**WHAT THE TASK ASKS**
The pictures in the data below are to be omitted; all else must be duplicated exactly.

Dataset excerpts:
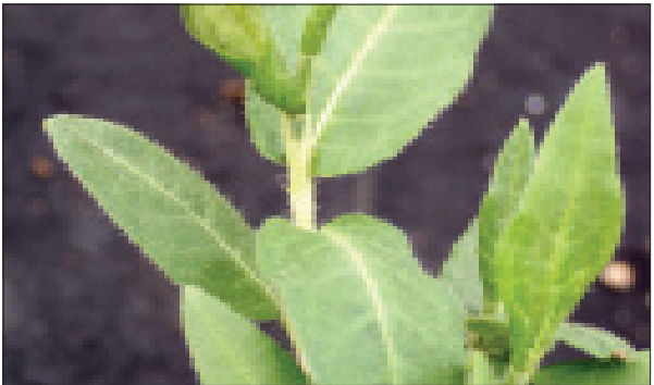
Hairy foliage of swamp smartweed.

Differs by having perennial, creeping, woody rhizomes and usually hairy foliage; found in wetter environment.
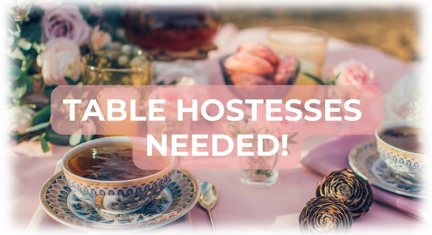
TABLE HOSTESSES NEEDED!
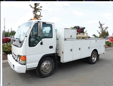
2003 ISUZU NQR
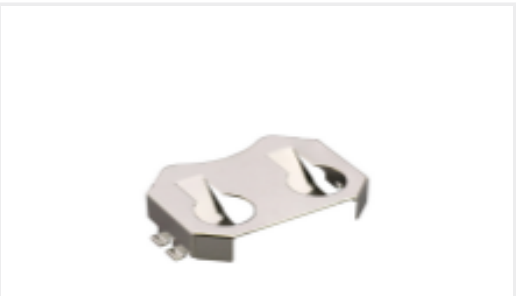
TE Part #BAT-HLD-001 Hldr fr CR2032 Batteries, SMT, Blk Pkg
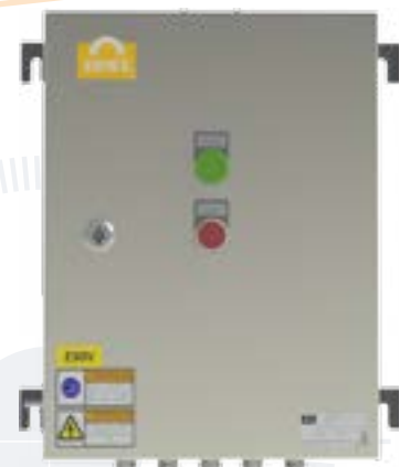
QM3500 Control Unit

**RESPONSE TO THIS TASK**
Hairy foliage of swamp smartweed.

Differs by having perennial, creeping, woody rhizomes and usually hairy foliage; found in wetter environment.
TABLE HOSTESSES NEEDED!
2003 ISUZU NQR
TE Part #BAT-HLD-001 Hldr fr CR2032 Batteries, SMT, Blk Pkg
QM3500 Control Unit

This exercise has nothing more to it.